Few artists have represented and embodied their nation’s collective spirit better than Lorca – which makes the tragic account of his death all the more heartbreaking. Shortly after the Spanish Civil War broke out in July 1936, Lorca made the misguided decision to leave the safe enclave of Madrid to be with his family in his conservative hometown of Granada. Almost immediately after he arrived, the area was seized by the Nationalist Falangists. In spite of carefully cultivating an apolitical stance, his association with the Republic, his plays which dealt with repression and some anti-Catholic statements in interviews had made Lorca a high-profile target. Although these were certainly contributory factors to the Nationalists’ hatred of Lorca, the likeliest red rag was his homosexuality.
Despite going into hiding, the Falangists hunted down Lorca until, on 16th August, he was arrested and imprisoned without explanation or trial. On August 19th at approximately 3:00am, he was handcuffed to another prisoner – a teacher – and taken in a car to a building called La Colina in Viznar, which the Falange was using as a holding camp for condemned prisoners. Shortly before dawn he was taken out, along with the teacher and two bullfighters (who were members of the Anarchist trade union CNT) and shot. One witness claimed that Lorca was singled out for merciless torture and, in his last moments, was made to suffer for his homosexuality with several bullets targeting his posterior before the fatal shot. Then the body of Federico Garcia Lorca, one of the greatest poets and playwrights of the twentieth century and one of Spain’s most prodigious sons, was unceremoniously dumped in a hastily dug but soon-to-be mass grave.
Though the death of this beloved national hero was quickly covered up by the victorious Nationalists, Franco’s unholy regime was quick to ban all of Lorca’s works; an act not fully rescinded until after the dictator’s death in 1975. And, although a dossier regarding Lorca’s assassination is thought to exist, its failure to surface continues to pain his relatives and associates. In 2009, however, a judge opened an investigation into the circumstances surrounding Lorca’s murder, and the poet’s family reversed their long-standing opposition to searching for his remains amongst the mass grave at Barranco de Viznar.

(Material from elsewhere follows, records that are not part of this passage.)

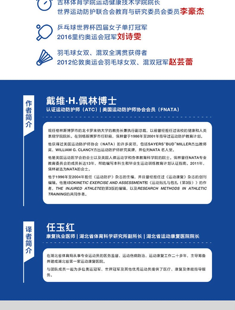 戴維·H.佩林博士,認證運動防護師(ATC),美國運動防護師協會會員(FNATA),現任格林斯博羅市的北卡羅來納大學的教務長兼執行副總裁,以前曾擔任過該校的健康與人類表現學院院長。在格斯博羅市任職前,佩林曾於1986 年zhi2001年指導運動防護教育計畫。他曾獲美國運動防護師協會(NATA)的許多獎項,包括Sayers“Bud”Miller傑出教師獎、zui著ming的運動防護師獎、William G. Clancy傑出運動防護師研究獎牌,併位列NATA 名人堂。他是美國運動醫學會的會士以及美國人體運動學和身體教育科學院的院士。佩林曾擔任NATA專業教育委員會的成員長達13年,協助撰寫本科生和畢業生運動訓練教育計畫認證指南。 2011 年,佩林被選為NATA 的會士。他於1996 年zhi2004 年擔任《運動防護》雜誌的主編,並曾擔任《運動康復》雜誌的創刊編輯。他是Isokinetic Exercise and Assessment和《運動貼紮與包紮(第3版)》的作者,The Injured Athlete的第3 版的編輯,以及Research Methods in Athletic Training的共同作者。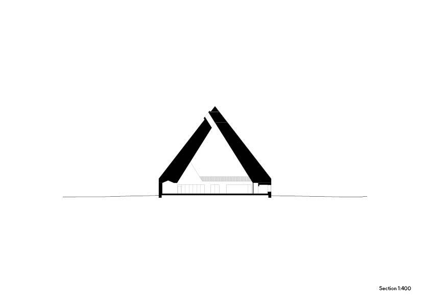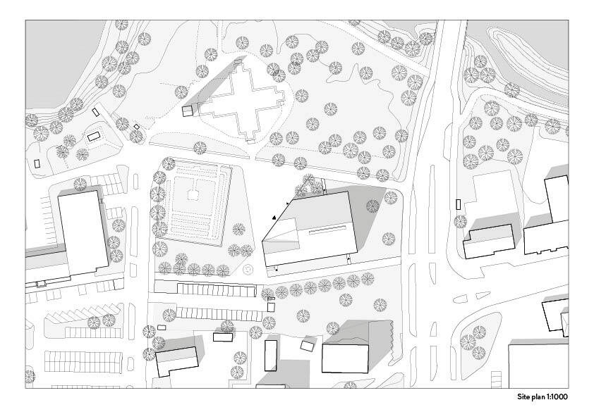 Of these, the mass of the entrance lobby is beveled diagonally, forming a natural entry plaza together with the war graves and the ruins of the old church. The form of the new church is a natural continuation of the Finnish church-building tradition.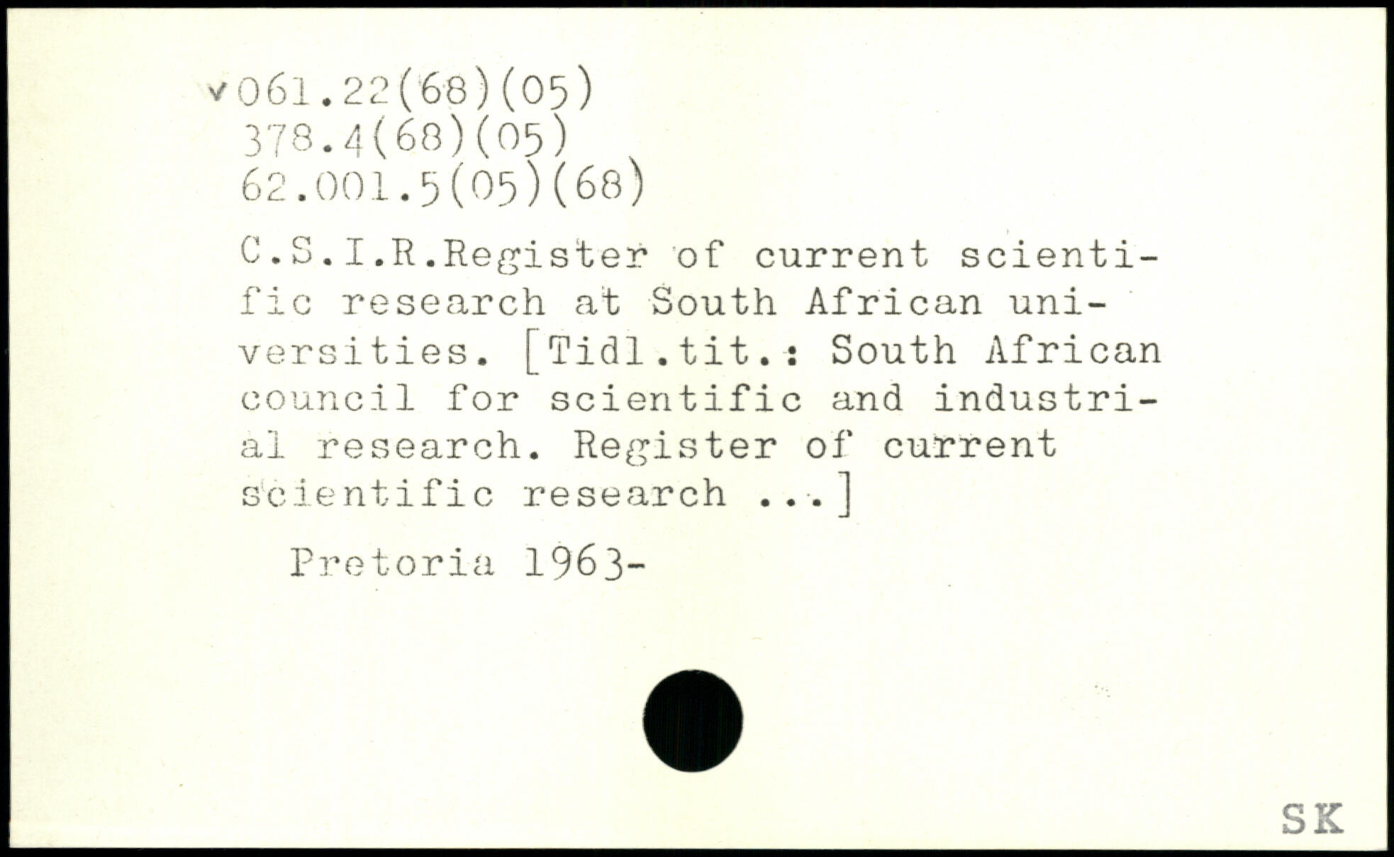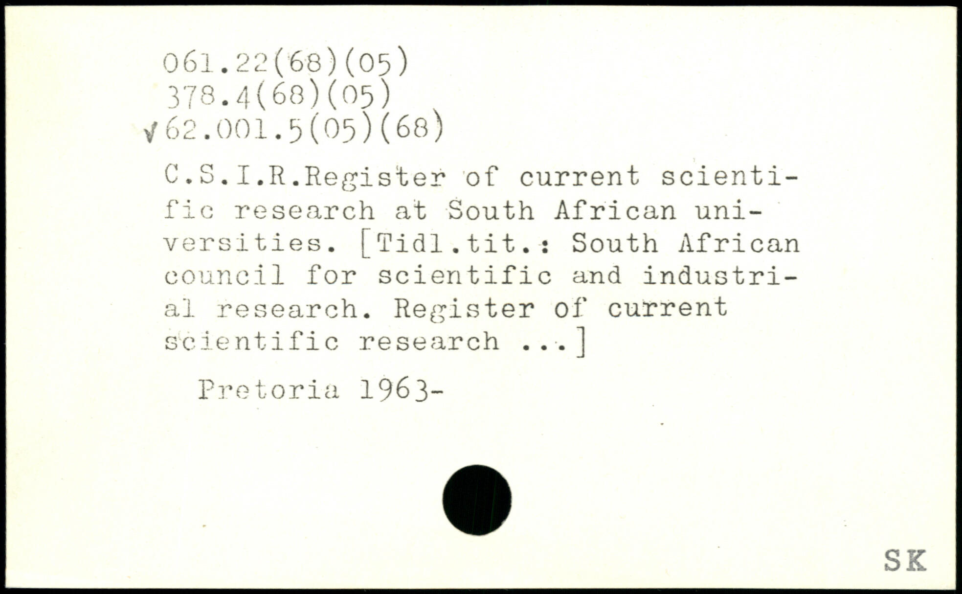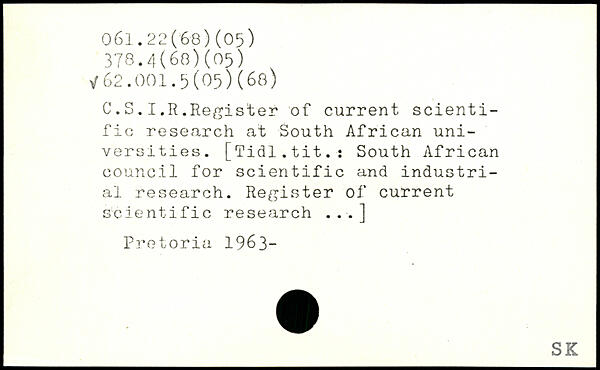 C.S.I.R.Register of current scientific research at South African universities. [Tidl.tit.: South African council for scientific and industrial research. Register of current scientific research ...] Pretoria 1963-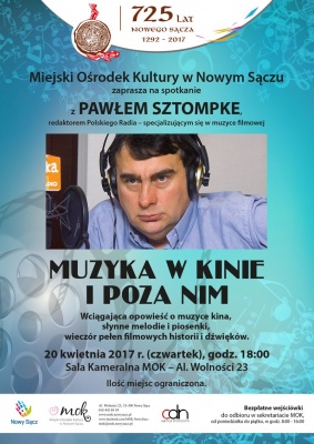 20 kwietnia (czwartek) gościem Miejskiego Ośrodka Kultury będzie znany dziennikarz muzyczny, juror festiwalu "Nowe kino – Nowy Sącz" Paweł Sztompke. Spotkanie pełne będzie opowieści i anegdot o muzyce w kinie, piosenkach i melodiach. Początek spotkania w sali kameralnej MOK o godz. 18:00. Bezpłatne wejściówki do odebrania w sekretariacie MOK w dni robocze w godz. 8:00-16:00. Liczba wejściówek ograniczona.

This action was, according to his biographer Ian Gibson, long overdue: “I have heard oral testimony of what happened, but I think it is essential to find the body, out of respect for Garcia Lorca. Where did they kill him exactly? Did they torture him? One certain fact about his life would be worth 100 books…. Lorca belongs to humanity, not his family. He is an emblem who gave his life for Spain. He is a martyr.”